I guess I was the only one who had failed the freshman first day test.
“So,” I said, turning around to face Lily instead of her reflection. “How did you meet Nicole?” Lily wasn’t the type to be constantly making new friends, and when she did she was never gushy about them. Usually people would approach her, thinking she was “interesting-looking,” and Lily would look right past them or smile for a bit and then walk away. It was hard for her to open up to people, and I wondered how Nicole had managed to get such a fast-track inside.
“Oh, she stood up for me in a coffee shop,” Lily said, leaning forward in her seat. “It was hilarious, she totally just told off this leopard-printy woman and her friends who were trying to get in my personal space—”
“I’ve never known you to have a hard time standing up for yourself,” I sniffed.

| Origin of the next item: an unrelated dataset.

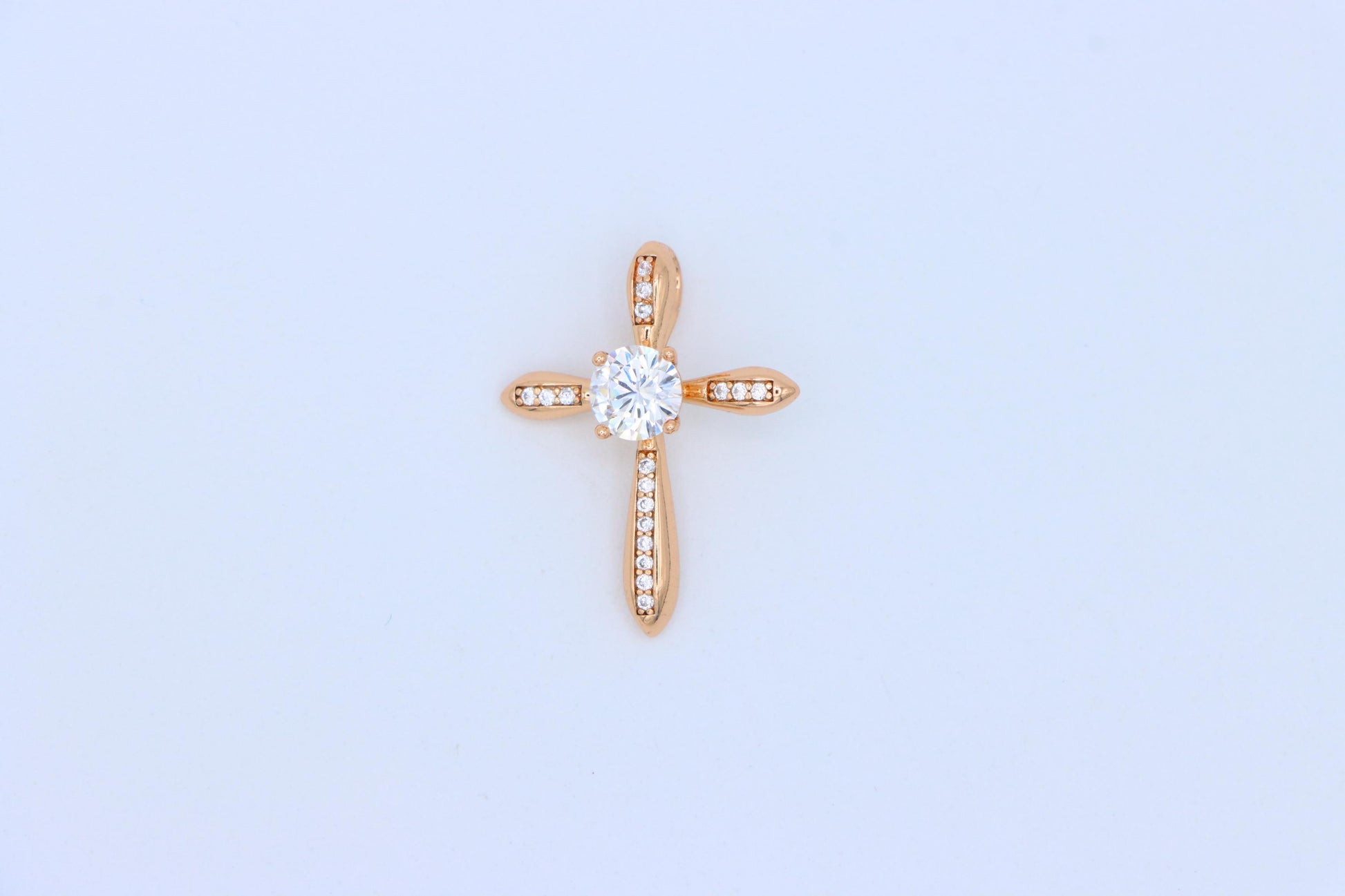 Elegant Cross Pendant with Center Solitaire in Rose Gold Finish, XPPT1828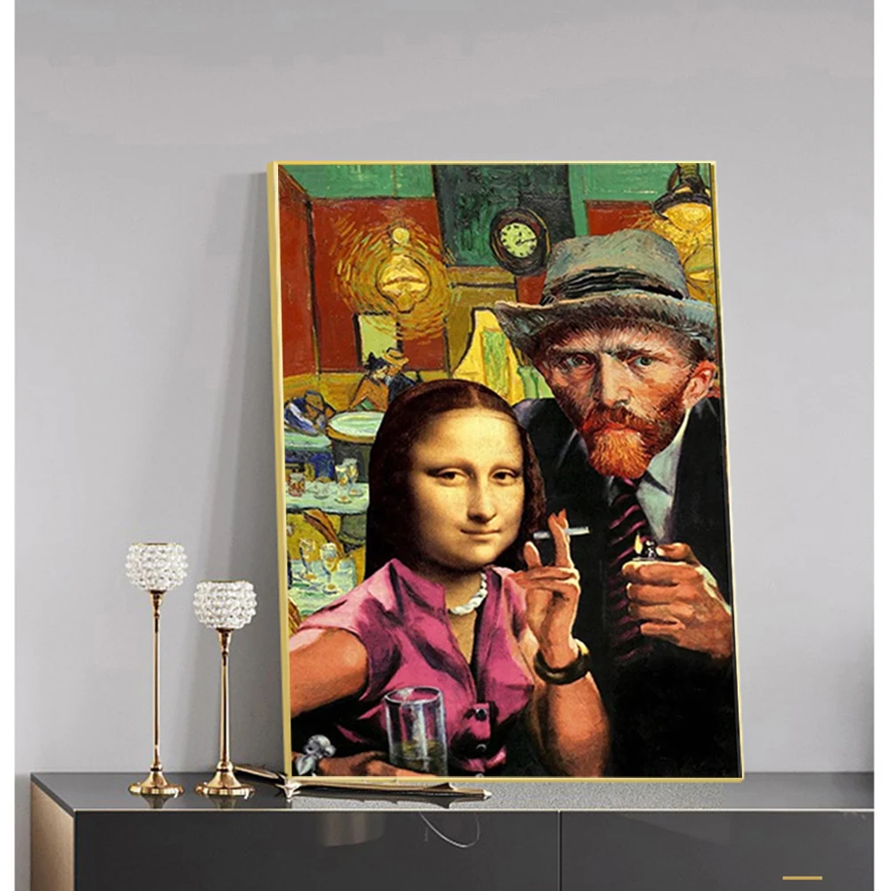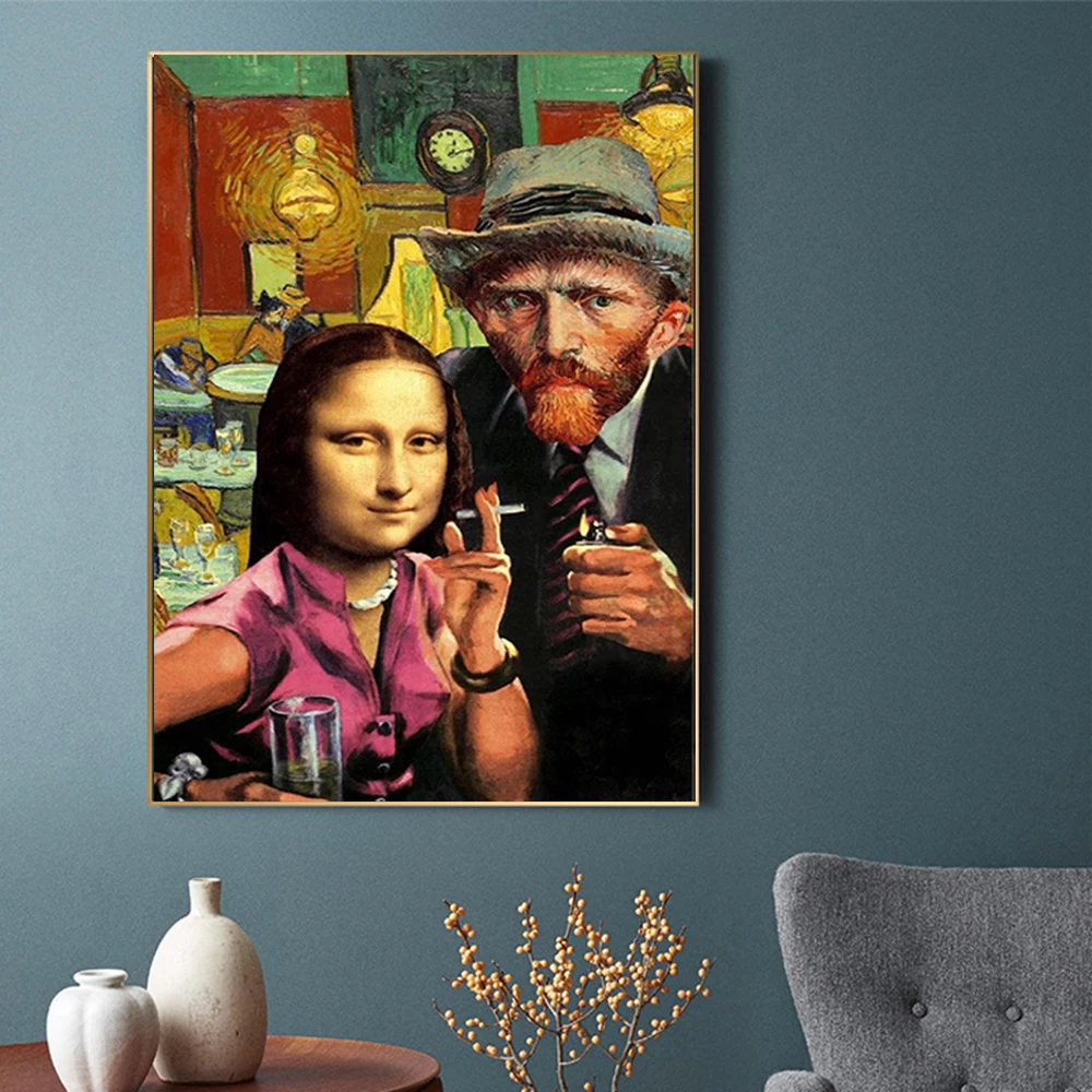 Забавный арт Мона Лиза и Ван Гога для холст Картины настенные художественные плакаты и принты да Винчи знаменитый Картины украшение дома

Lily looked hurt and tugged a little on one of her wings, like it itched. “Nooo . . .” she said. “I don’t. Usually. But it was more like . . . the way Nicole did it. She was just really intense and intuitive about the whole thing, and afterward she introduced me to her friend who’s a photographer and that guitar boy Drew, who was dressed like a doctor.”
“That’s cool,” I said, turning back around to face the front. I glared out the window at the big red Metro Rapid Line bus in front of us. “It sounds like you had a great first day, Lily.” I waited for her to ask me how my day had gone, but it was Rachel who broke the strained silence instead.